The army controlled Myanmar for half a century in a brutal reign rife with rights abuses, including allegations of torture, rape and recruiting child soldiers.
Although it has loosened its grip since ceding power to a quasi-civilian government in 2011, the army seldom admits to misconduct among its troops.
The sentencing handed out by a military court on Thursday suggests the Tatmadaw, as it is known, is looking to revamp its image as the country hurtles toward democracy and opens up to the West.
“Seven Myanmar army soldiers are sentenced to five years for killing local people in Mong Yaw village in Lashio township, Shan State,” the military said in statement on Facebook. “They all have to be sentenced to five years with hard labour in country side prison.”
The five villagers were killed in June after skirmishes between ethnic rebels and soldiers around Mong Yaw in northeastern Shan State – one of many regions riven by decades-long insurgencies.
Locals accused the officers of murder after their bodies were found buried in shallow graves several days later.
The military said that four of the jailed were officers.

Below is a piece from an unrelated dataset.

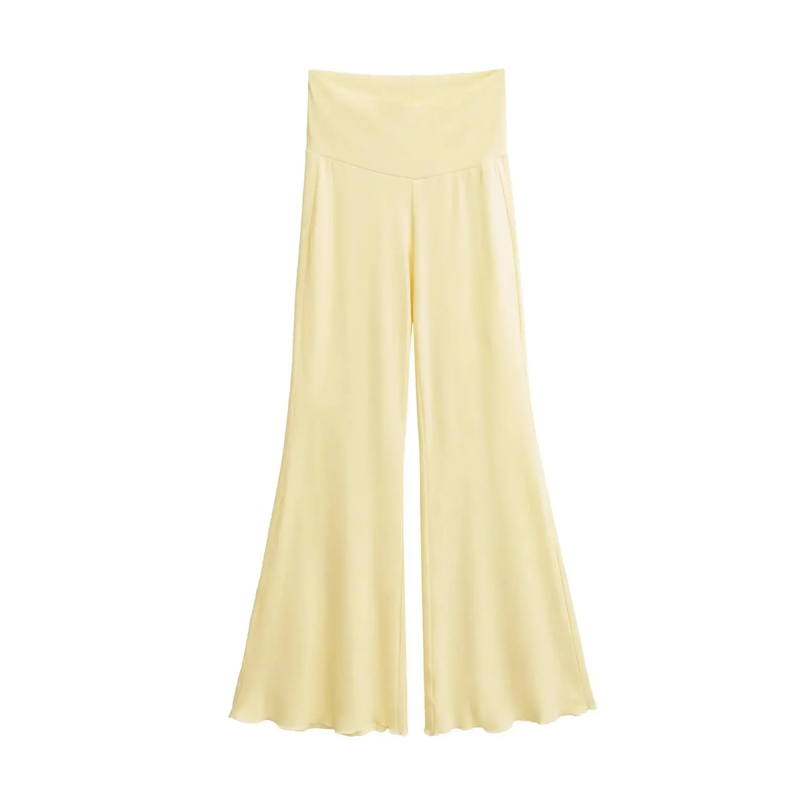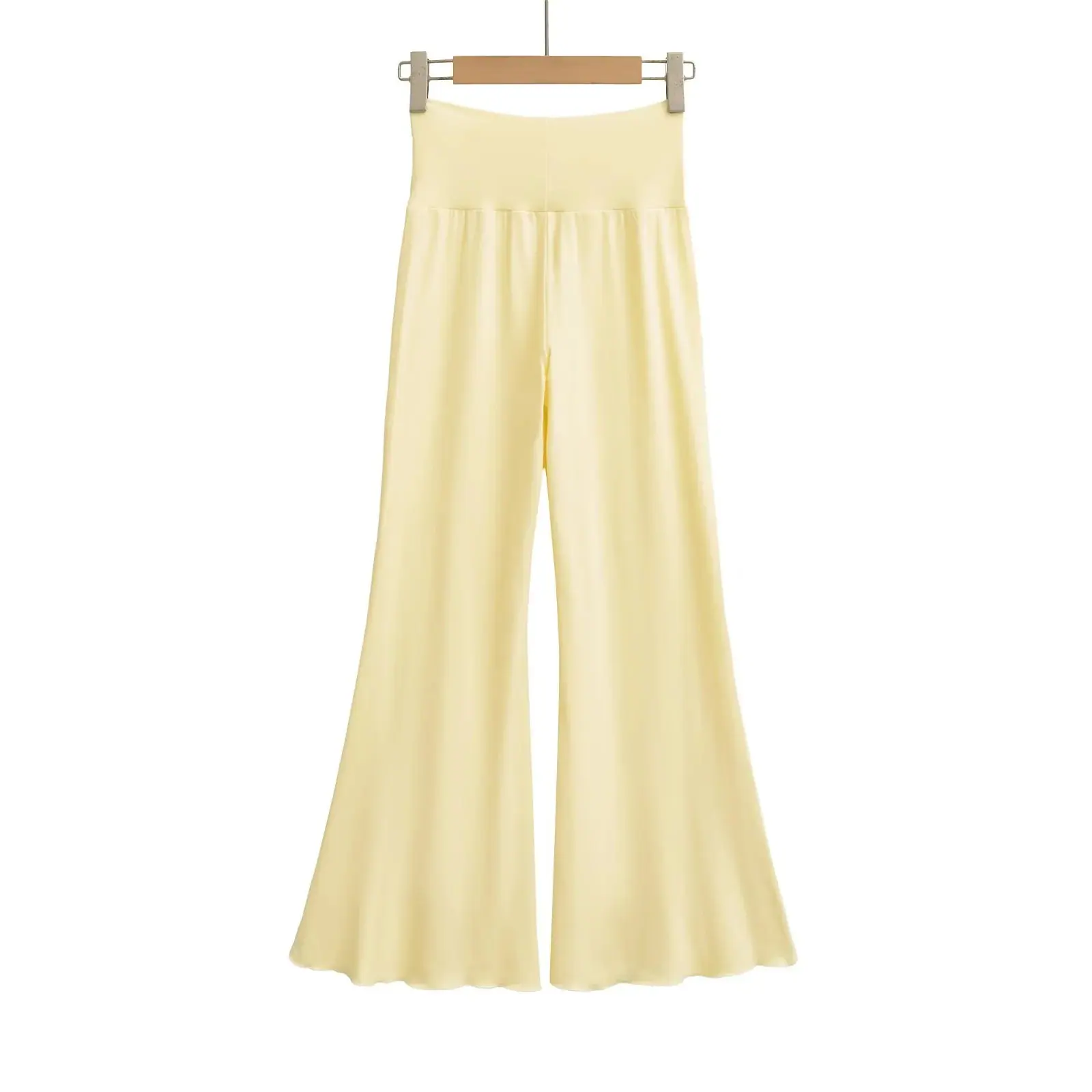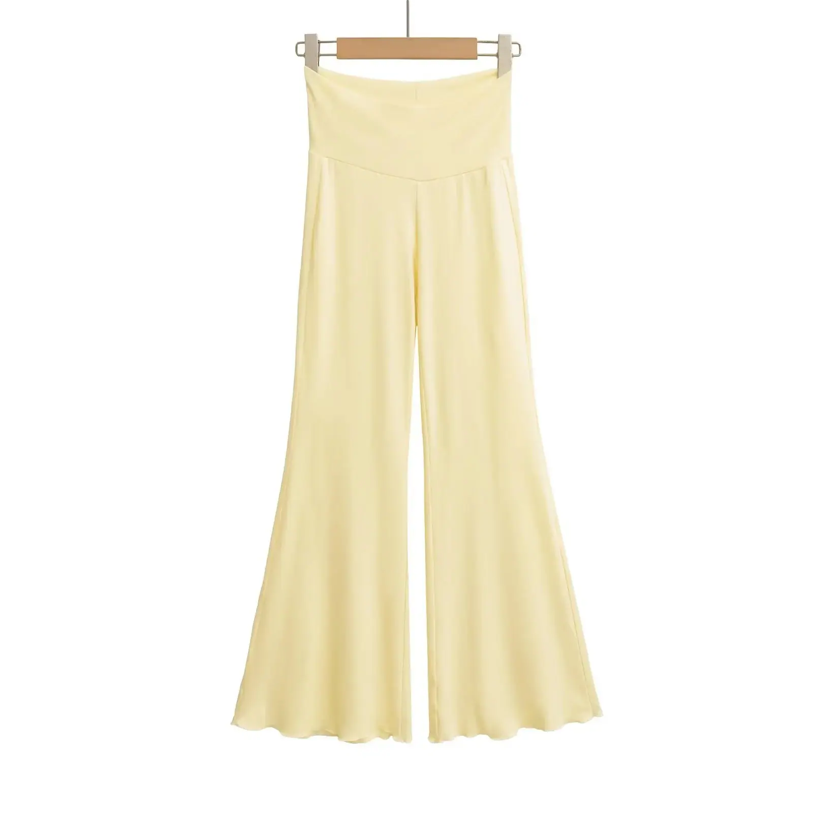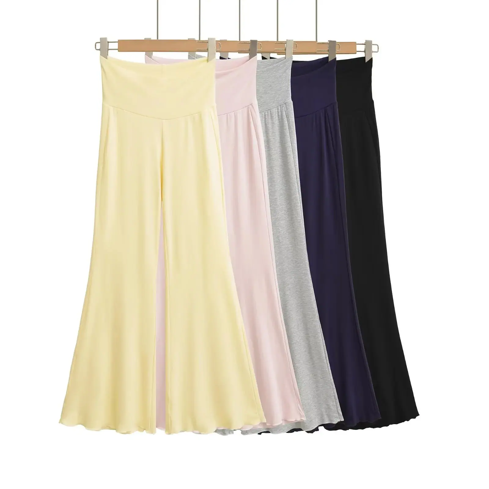 Pantalones Casuales Micro Acampanados con Dobladillo con Volantes para Mujer 2025 Nuevo Otoño Delgados con Dobladillo Vuelto Cintura Alta Adelgazantes Acampanados Largos

The country’s new civilian leader, democracy activist Aung San Suu Kyi, has made ending the ethnic warfare a top priority since her party took power in March following landmark polls.
But bringing peace to the country’s borderlands will ultimately depend on the military, a powerful player that still controls key government bodies.
On Wednesday, US President Barack Obama vowed to lift decades-old sanctions, imposed when the former military junta was in power, during a visit by Suu Kyi to the White House.
While details are still unclear, the move will likely scrap the blacklist that bars Americans from doing business with more than 100 military leaders, their companies and so-called cronies.
Conglomerate Asia World, blacklisted for alleged ties to Myanmar’s military, welcomed Obama’s pledge to lift sanctions.
“AWC (Asia World Company) expects to see a stronger economic growth and foreign investments in Myanmar with the removal of the sanctions,” the company said by e-mail.
Activists have condemned the move however, saying it removes a key lever for applying pressure on the army.
Last year the deaths of two ethnic Kachin teachers triggered public outrage, as activists accused soldiers of raping and murdering the pair in the village where they worked in Shan State.
No one has yet been charged with the killings.
Suu Kyi has urged businesses to invest in the Southeast Asian country as a way to advance its democratic transition.
Suu Kyi, speaking in Washington, said that economic development spurred by foreign investment was needed to show the impoverished nation of more than 50mn people that democracy could improve their livelihoods and promote further change.
“Economic success is one of the ways that we can persuade everyone in our country, including the military, that democracy is the best way forward for our union,” Suu Kyi told a dinner of business officials, diplomats and government officials hosted by the US Asean Business Council.
“In order to make the political transition work, we have to have the economic expectations of our people fulfilled as well,” she added.
“In some ways it is a risk, it as much a political risk as an economic risk, because there are those who believe it is not yet time for us to remove the sanctions, but we think that it is time now for our people to depend on themselves, to go forward with the help of our friends,” Suu Kyi said of the decision.
Sanctions were imposed on the country, formerly known as Burma, in 1997 after decades under a military dictatorship that stifled dissent and showed little regard for human rights.